How to pull data into an Azure AI Search index
Use the following tools and APIs for indexer-based indexing:
- Import data wizard or Import and vectorize data wizard
- REST APIs: Create Indexer (REST), Create Data Source (REST), Create Index (REST)
- Azure SDK for .NET: SearchIndexer, SearchIndexerDataSourceConnection, SearchIndex,
- Azure SDK for Python: SearchIndexer, SearchIndexerDataSourceConnection, SearchIndex,
- Azure SDK for Java: SearchIndexer, SearchIndexerDataSourceConnection, SearchIndex,
- Azure SDK for JavaScript: SearchIndexer, SearchIndexerDataSourceConnection, SearchIndex,
Indexer functionality is exposed in the [Azure portal], the REST API, and the .NET SDK.
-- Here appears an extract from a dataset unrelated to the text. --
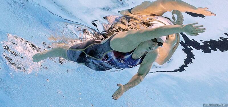 Katie Ledecky competes in the women's 800-meter freestyle at the Rio 2016 Olympic Games at the Olympic Aquatics Stadium on Aug. 11, 2016 in Rio de Janeiro.

An advantage to using the Azure portal is that Azure AI Search can usually generate a default index schema by reading the metadata of the source dataset.
Verify data import with Search explorer
A quick way to perform a preliminary check on the document upload is to use Search explorer in the Azure portal.
The explorer lets you query an index without having to write any code. The search experience is based on default settings, such as the simple syntax and default searchMode query parameter. Results are returned in JSON so that you can inspect the entire document.
Here's an example query that you can run in Search Explorer in JSON view. The "HotelId" is the document key of the hotels-sample-index. The filter provides the document ID of a specific document:
{
"search": "*",
"filter": "HotelId eq '50'"
}
If you're using REST, this Look up query achieves the same purpose.